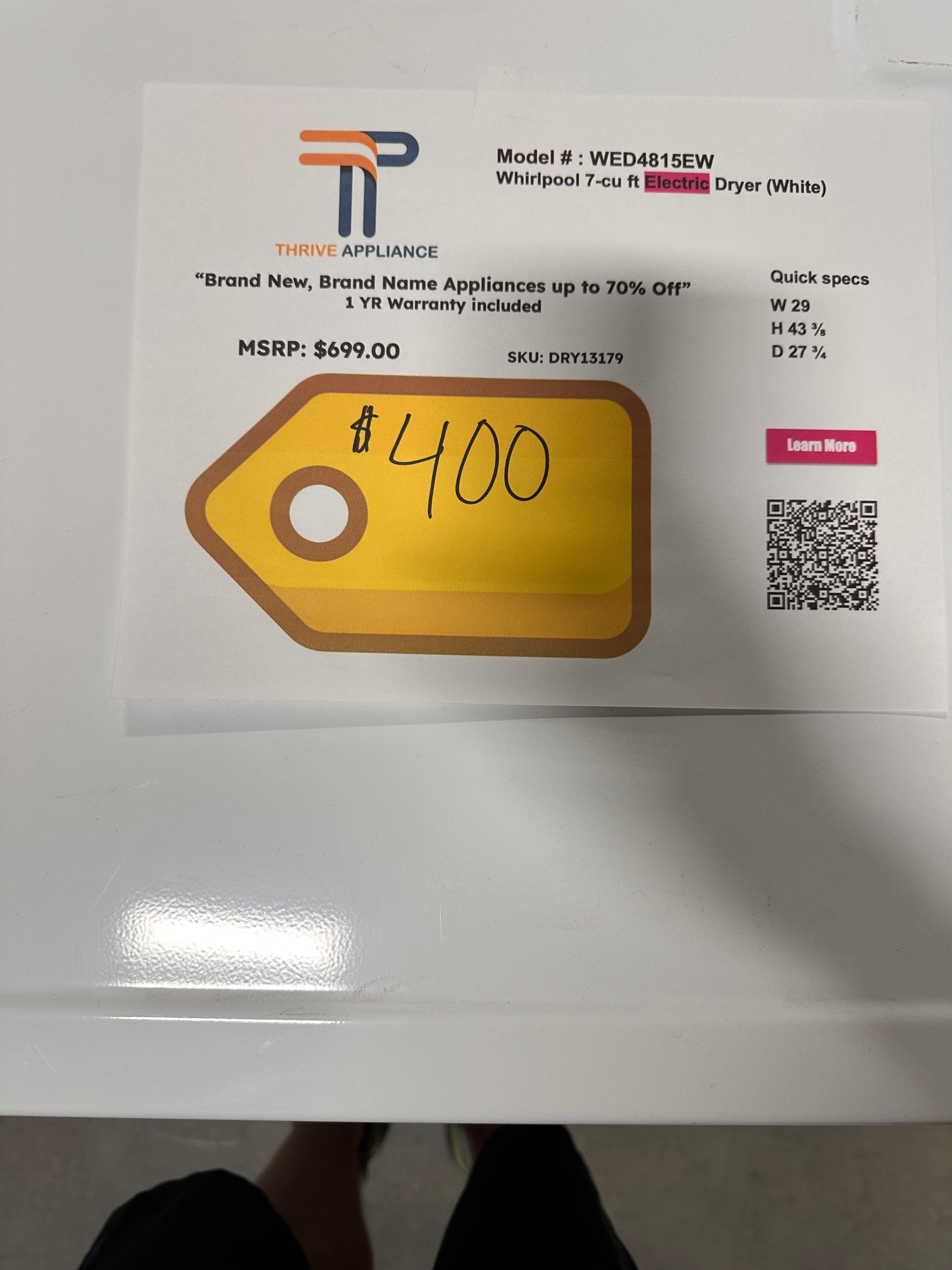 Whirlpool - 7.0 Cu. Ft. 14-Cycle Electric Dryer - White MODEL: WED4815EW DRY13179
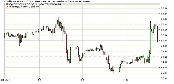 7月18日,紐約期棉在投機(jī)買盤支持下全面反彈,近期10月合約結(jié)算價(jià)84.99美分/磅,漲92點(diǎn);主力12月合約結(jié)算價(jià)84.85美分/磅,漲118點(diǎn);遠(yuǎn)期3月合約收于83.80美分/磅,漲121點(diǎn)。當(dāng)日期棉平穩(wěn)開盤,主力合約上半場(chǎng)主要在84-84.2美分/磅之間震蕩,美棉出口數(shù)據(jù)平平對(duì)市場(chǎng)影響不大,當(dāng)棉價(jià)跌至84美分一線時(shí),投機(jī)買盤及少量基本買盤入市促價(jià)格走高,該合約當(dāng)日最高至85.52美分/磅,盤終雖有所回落,但仍錄得7月1日以來最大單日漲幅。據(jù)美國(guó)農(nóng)業(yè)部(USDA),7.5-7.11一周美國(guó)凈簽約出口本年度陸地棉11431噸,裝運(yùn)29189噸。至本年度末,美棉每周需裝運(yùn)6.9萬噸才能完成年度簽約量。
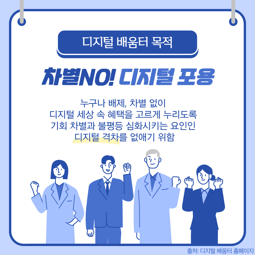 다시 말해, 사회·경제적 기회 차별과 불평등을 심화시키는 요인이 되는 디지털 격차를 없애려는 목적이에요.

Work item: Everything but the pictures is needed: copy the data above exactly.

Answer box:
 Whirlpool - 7.0 Cu. Ft. 14-Cycle Electric Dryer - White MODEL: WED4815EW DRY13179
 7月18日,紐約期棉在投機(jī)買盤支持下全面反彈,近期10月合約結(jié)算價(jià)84.99美分/磅,漲92點(diǎn);主力12月合約結(jié)算價(jià)84.85美分/磅,漲118點(diǎn);遠(yuǎn)期3月合約收于83.80美分/磅,漲121點(diǎn)。當(dāng)日期棉平穩(wěn)開盤,主力合約上半場(chǎng)主要在84-84.2美分/磅之間震蕩,美棉出口數(shù)據(jù)平平對(duì)市場(chǎng)影響不大,當(dāng)棉價(jià)跌至84美分一線時(shí),投機(jī)買盤及少量基本買盤入市促價(jià)格走高,該合約當(dāng)日最高至85.52美分/磅,盤終雖有所回落,但仍錄得7月1日以來最大單日漲幅。據(jù)美國(guó)農(nóng)業(yè)部(USDA),7.5-7.11一周美國(guó)凈簽約出口本年度陸地棉11431噸,裝運(yùn)29189噸。至本年度末,美棉每周需裝運(yùn)6.9萬噸才能完成年度簽約量。
 다시 말해, 사회·경제적 기회 차별과 불평등을 심화시키는 요인이 되는 디지털 격차를 없애려는 목적이에요.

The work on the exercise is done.